Using loan participations, private lenders will underwrite and originate Main Street loans and the Fed will come in behind the scenes to supply 95 percent of the borrowed amount, leaving 5 percent on the private lender’s balance sheet to make sure they have some skin in the game. Having reported a lot recently about the Bank of North Dakota, the only state-owned bank in the country, loan participations by a public entity weren’t so far-fetched to me, but I’m sure they would seem so to others around the country.

With a $1 million minimum loan size, the Main Street Lending Program is not quite accessible to most small businesses, but that minimum could go away later if the Fed and Treasury can be convinced of the need — or maybe Congress can straight up order them to eliminate the minimum. So, in summary, the Main Street lending facility is effectively one line on a term sheet away from being accessible to the vast majority of small businesses in the country, provided they were in good financial shape before the pandemic.

The municipal credit facility also seemed to have shortcomings, but not entirely unworkable, and outcries at initial terms and eligibility have already altered it. Initially it was only available to cities with at least one million people, or counties with at least two million people, leaving out a lot of hard-hit places. On April 27 those thresholds changed to counties with at least 500,000 people and cities with at least 250,000. Maximum maturity of two years initially seemed a bit shorter than ideal, and that changed to three years. The Fed is even considering allowing additional public entities to participate, like school systems, housing authorities, transit authorities and other public entities that issue revenue-backed bonds.

As a reporter, these were all brand new and fascinating lines of questioning about the ways that each facility works and how each would be received among the private financial institutions with the most potential to make them work for the most vulnerable communities.

The Fed is flexing muscles it never used before 2008. The next time around, people need to know, they can demand that Congress make the Fed open up existing facilities to more people and places. They can demand that some of “Emergency Stabilization Fund 2.0” should be allocated to capitalize vehicles that do other things justified under the rubric of “stabilizing the economy in a crisis.”
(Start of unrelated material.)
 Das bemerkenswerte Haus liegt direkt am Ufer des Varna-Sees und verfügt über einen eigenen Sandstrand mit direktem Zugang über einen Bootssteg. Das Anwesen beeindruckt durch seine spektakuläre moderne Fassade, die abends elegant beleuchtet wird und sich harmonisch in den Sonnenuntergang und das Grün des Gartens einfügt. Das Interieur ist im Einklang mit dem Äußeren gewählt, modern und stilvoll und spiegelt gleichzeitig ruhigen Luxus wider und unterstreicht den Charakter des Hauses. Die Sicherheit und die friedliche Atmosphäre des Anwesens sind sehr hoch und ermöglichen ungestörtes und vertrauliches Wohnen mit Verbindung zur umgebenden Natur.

What if, next time around, the Fed capitalized a small facility to make loans to black-owned businesses or to buy preferred equity shares in MDIs? A secondary capital facility for credit unions? Or a facility to acquire distressed residential or commercial real estate and sell it back to current occupants or to the market with deed restrictions for permanent affordability? What if there were a network of smaller facilities that would be administered by state or local governments — making them de facto public banks, with equity from Treasury as initial capital bases and leverage from the Federal Reserve?
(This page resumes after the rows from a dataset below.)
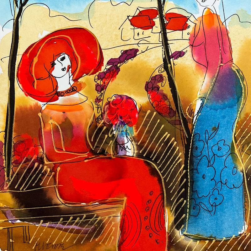 This is an original mixed media watercolor painting on paper by Moshe Leider. Hand signed by the artist, this piece comes custom framed and includes a Letter of Authenticity. Measures approximately 16" x 15" (frame), 9" x 8" (image).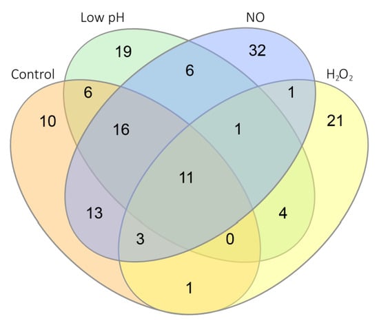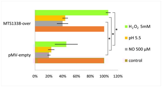 MTS1338-overexpressing Mtb in the stationary phase is more resistant to low pH than the control (empty vector) strain [], but the stress-protective effects of MTS1338 overexpression in the logarithmic phase appear to be more pronounced. While in the stationary cultures, the effects of H2O2 and NO on the Mtb metabolic activity are negligible, in the logarithmic cultures, they are significant (Figure 2).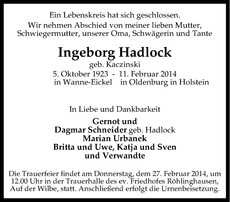 Hier finden Sie alle Traueranzeigen aus der Zeitung, die bisher für Ingeborg Hadlock erschienen sind. Weitere Traueranzeigen, die in der Zeitung erscheinen, werden hier ebenfalls aufgelistet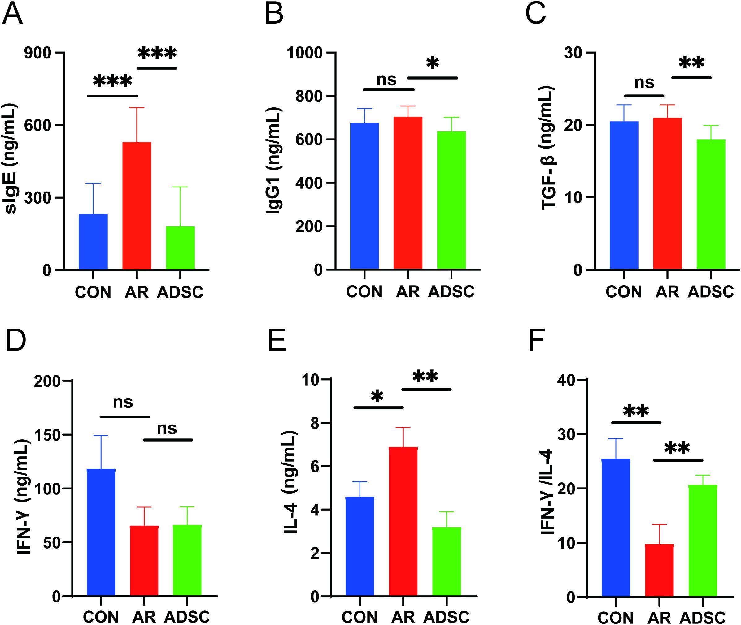 3.3 ADSCs suppressed allergic antibodies and restored Th1/Th2 balance in AR mice

It’s tempting to speculate about having the Federal Reserve’s balance sheet firepower behind priorities like those. But, as a journalist, I don’t have any horse in the race when it comes to which ideas or causes for advocates to back.

What I do have is a journalistic mandate to examine whether financial institutions, public or private, are able to support the people and places that, based on historical patterns, are most likely to be left behind in a crisis or a recession. The Fed is no longer just a systemically essential but distant player in that narrative; it was suddenly, squarely within my beat and doing new things that people deserved to understand better.
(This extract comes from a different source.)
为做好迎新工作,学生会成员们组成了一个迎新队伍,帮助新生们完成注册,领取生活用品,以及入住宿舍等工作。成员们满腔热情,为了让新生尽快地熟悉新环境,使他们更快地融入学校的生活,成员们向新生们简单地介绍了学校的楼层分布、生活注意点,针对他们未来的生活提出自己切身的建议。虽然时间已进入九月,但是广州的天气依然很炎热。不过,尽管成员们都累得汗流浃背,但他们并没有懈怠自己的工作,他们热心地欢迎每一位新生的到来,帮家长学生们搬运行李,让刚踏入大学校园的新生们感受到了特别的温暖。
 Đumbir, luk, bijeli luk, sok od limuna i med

The Fed’s post-October 2008 way of operating implies new ways of making demands and holding public officials accountable. It changed in ways that needed to change how I worked, and should probably change how at least some of my readers work. People who care about economic justice and righting the wrongs of history need to know exactly how this brave new Fed works in order to understand more clearly what to demand and how to make demands of an institution that is supposed to be working on behalf of us all.